Au Moyen-Orient, la situation est demeurée volatile. Le 18 avril, l'Iran a surpris la communauté internationale en annonçant la fermeture de manière stratégique du détroit d'Ormuz, qui venait tout juste d'être officiellement rouvert aux navires commerciaux une journée auparavant. Ce revirement soudain crée des inquiétudes majeures pour les acteurs du transport maritime.
Comme rapporté par Le Monde, moins de 24 heures après la réouverture, la télévision d'État iranienne a indiqué : "Le statut du détroit d'Ormuz revient à son état initial. Il reste sous le contrôle strict de nos forces armées". Ce nouveau verrouillage est un coup dur pour les armateurs, plusieurs pétroliers ayant précipité leur passage durant les heures précédentes.

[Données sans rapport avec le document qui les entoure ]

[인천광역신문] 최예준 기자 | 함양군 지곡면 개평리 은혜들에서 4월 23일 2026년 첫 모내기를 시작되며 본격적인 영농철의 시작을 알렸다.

Dans ce contexte de tensions, la marine américaine maintient une présence ostentatoire, continuant de bloquer les ports iraniens, comme le montrent les images diffusées par l'armée des États-Unis. Ce bras de fer, qui semble interminable, pourrait avoir des répercussions sur l'ensemble de la région.

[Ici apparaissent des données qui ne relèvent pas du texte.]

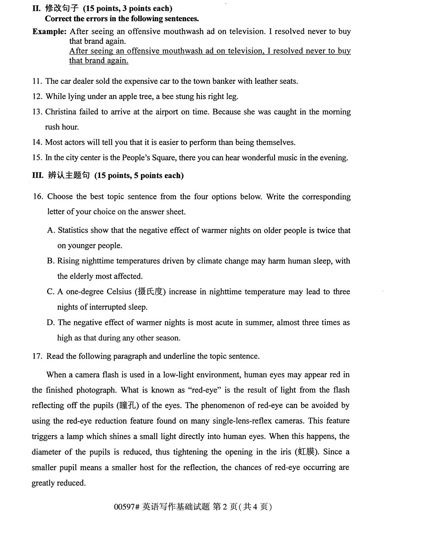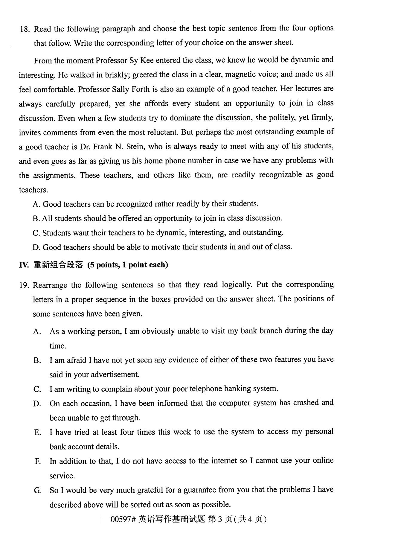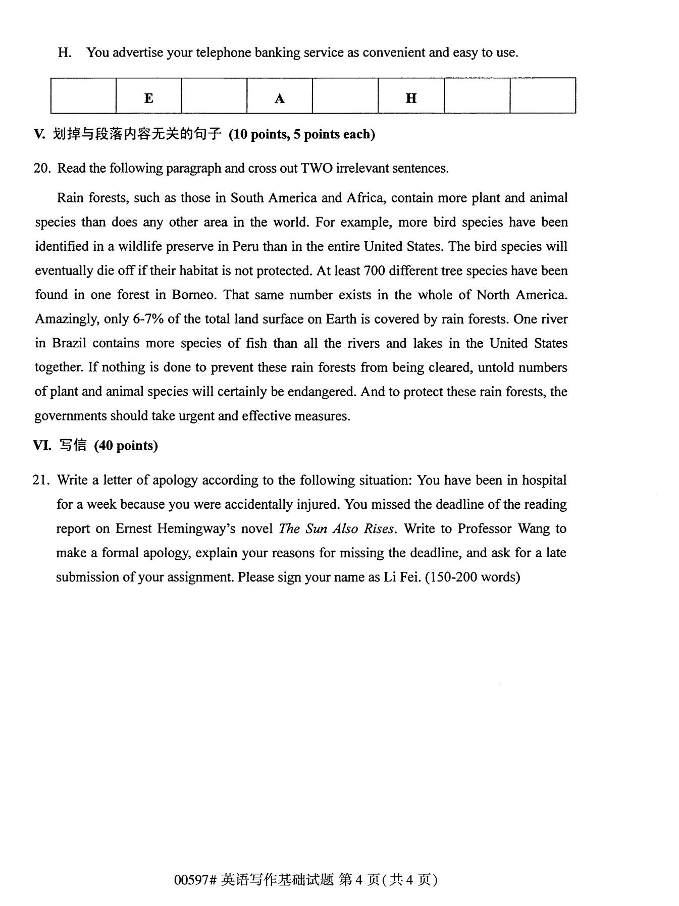 全国2020年10月自考00597英语写作基础试题

Quid du stock d'uranium iranien ?
Les enjeux diplomatiques s'intensifient, notamment après les propos de Donald Trump, qui a récemment clamé que les États-Unis pourraient bientôt parvenir à un accord concernant le stock d'uranium enrichi de l'Iran. "Les États-Unis obtiendront toute la poussière nucléaire, armés des plus grosses pelleteuses que vous puissiez imaginer. On va y aller ensemble avec l'Iran, le chercher, on va le rapporter rapidement aux États-Unis", a-t-il déclaré le 17 avril.

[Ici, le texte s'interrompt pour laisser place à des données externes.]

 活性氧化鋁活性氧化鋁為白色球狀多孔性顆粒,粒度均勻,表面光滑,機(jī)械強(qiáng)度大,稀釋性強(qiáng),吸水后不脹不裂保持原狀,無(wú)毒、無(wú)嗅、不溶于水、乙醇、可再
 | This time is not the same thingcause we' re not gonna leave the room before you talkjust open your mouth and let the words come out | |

Cependant, cette affirmation a été immédiatement contestée par Téhéran, pour qui la question de l'uranium enrichi est cruciale. Selon des sources telles que CNN, l'Iran pourrait détenir environ 440 kilogrammes d'uranium enrichi à 60 %, bien en deçà du seuil de 90 % nécessaire à la confection d'une arme nucléaire. Alors que des négociations pourraient reprendre prochainement, les États-Unis n'ont pas confirmé cette perspective, laissant présager une poursuite des tensions.